The ATO has long maintained a tough stance on NALI, emphasising rigorous scrutiny in its public communications and audits. This approach has placed significant pressure on self-managed superannuation funds (SMSF) to demonstrate that their arrangements adhere to arm’s length standards, particularly concerning benchmarking.
While straightforward for certain transactions with readily available benchmarks, such as real estate valuation or rent, this approach presents challenges for unique commercial arrangements lacking comparable benchmarks. The focus on benchmarking has sometimes overshadowed a more commonsense evaluation of whether an arrangement is genuinely commercial.
BPFN Decision
In August 2023, the Administrative Appeals Tribunal (AAT) made a ruling in the case of BPFN delivering a setback to the ATO’s stringent stance on NALI, opting for a broader commercial perspective.
In this case, an SMSF invested in a related unit trust (JJUT), which then lent funds to a related company (ABC). ABC subsequently lent funds to a related discretionary trust (DEF), which in turn lent funds to unrelated third parties.
The terms of the loans from DEF to the third parties were deemed to be at arm’s length. Notably, the interest rates for the loans from JJUT to ABC and ABC to DEF matched those payable by the third parties to DEF, with no additional markup. Any interest paid by the third parties effectively flowed through to the SMSF. Additionally, the third parties paid certain fees to DEF, which DEF retained.

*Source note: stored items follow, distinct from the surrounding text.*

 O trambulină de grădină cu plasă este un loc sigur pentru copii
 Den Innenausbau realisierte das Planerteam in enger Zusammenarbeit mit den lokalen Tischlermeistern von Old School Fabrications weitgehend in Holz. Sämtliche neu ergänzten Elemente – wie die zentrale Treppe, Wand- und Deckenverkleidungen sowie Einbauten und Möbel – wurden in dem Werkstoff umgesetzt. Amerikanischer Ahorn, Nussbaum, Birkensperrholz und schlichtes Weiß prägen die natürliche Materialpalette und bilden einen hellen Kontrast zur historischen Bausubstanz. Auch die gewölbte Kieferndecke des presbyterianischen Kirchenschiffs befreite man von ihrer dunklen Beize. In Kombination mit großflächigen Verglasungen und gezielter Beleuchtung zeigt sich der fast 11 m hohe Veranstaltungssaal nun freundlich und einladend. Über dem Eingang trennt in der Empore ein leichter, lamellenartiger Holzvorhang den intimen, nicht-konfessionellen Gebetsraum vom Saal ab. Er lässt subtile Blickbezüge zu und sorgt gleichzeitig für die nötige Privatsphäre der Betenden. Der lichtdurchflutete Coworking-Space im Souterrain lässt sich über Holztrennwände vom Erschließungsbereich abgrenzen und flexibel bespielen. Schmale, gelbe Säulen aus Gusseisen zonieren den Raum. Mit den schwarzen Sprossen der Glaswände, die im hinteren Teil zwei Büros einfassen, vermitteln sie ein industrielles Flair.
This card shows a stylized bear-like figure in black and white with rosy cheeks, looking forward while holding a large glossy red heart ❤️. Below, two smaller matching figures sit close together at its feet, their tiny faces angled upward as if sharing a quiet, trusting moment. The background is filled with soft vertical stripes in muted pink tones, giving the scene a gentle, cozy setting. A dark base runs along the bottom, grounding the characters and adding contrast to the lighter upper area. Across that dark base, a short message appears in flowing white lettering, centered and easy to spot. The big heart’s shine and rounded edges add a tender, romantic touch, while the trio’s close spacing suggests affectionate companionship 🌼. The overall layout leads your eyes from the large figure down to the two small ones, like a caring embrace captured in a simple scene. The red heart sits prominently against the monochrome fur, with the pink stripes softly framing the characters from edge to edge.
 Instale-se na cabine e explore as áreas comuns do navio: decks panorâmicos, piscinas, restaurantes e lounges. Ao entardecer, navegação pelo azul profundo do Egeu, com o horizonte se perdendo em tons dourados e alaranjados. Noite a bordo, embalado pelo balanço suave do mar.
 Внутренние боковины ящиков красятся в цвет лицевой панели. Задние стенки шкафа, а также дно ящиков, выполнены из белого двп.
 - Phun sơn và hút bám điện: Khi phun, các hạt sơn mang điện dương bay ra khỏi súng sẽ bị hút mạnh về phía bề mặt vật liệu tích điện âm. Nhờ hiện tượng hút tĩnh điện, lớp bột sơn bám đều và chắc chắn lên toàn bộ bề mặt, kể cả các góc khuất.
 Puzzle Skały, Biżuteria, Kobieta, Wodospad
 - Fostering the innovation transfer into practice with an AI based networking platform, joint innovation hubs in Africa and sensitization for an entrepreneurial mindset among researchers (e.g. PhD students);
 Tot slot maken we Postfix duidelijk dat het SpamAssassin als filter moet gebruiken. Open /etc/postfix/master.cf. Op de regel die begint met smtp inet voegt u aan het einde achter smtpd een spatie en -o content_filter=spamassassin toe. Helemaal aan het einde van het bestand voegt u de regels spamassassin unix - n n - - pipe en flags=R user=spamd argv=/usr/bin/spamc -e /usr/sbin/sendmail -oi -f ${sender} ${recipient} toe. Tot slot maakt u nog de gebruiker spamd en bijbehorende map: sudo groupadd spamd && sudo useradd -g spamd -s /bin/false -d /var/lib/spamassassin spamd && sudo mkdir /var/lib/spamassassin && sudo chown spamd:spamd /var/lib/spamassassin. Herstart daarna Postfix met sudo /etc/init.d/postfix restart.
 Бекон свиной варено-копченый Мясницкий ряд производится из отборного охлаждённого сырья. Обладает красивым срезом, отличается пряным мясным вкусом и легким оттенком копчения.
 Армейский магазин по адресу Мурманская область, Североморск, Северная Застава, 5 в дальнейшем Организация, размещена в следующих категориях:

The taxpayers, supported by two expert witnesses experienced in private lending law, argued that such on-lending arrangements with interposed entities like DEF and ABC were customary and within reasonable commercial bounds.
Contrary to the ATO's position, the AAT found in favour of the taxpayers, accepting their arguments and evidence that the arrangement mirrored what one would expect between independent parties in the private lending market. Consequently, the AAT ruled that NALI was not triggered.
This decision is significant as it underscores the possibility of arrangements being deemed commercial, even without benchmarking or strict evidentiary requirements advocated by the ATO.
ATO’s Response
The ATO has since released the DIS on the BPFN case, inviting feedback by 10 May 2024. Notably, the ATO has confirmed its decision not to appeal the ruling.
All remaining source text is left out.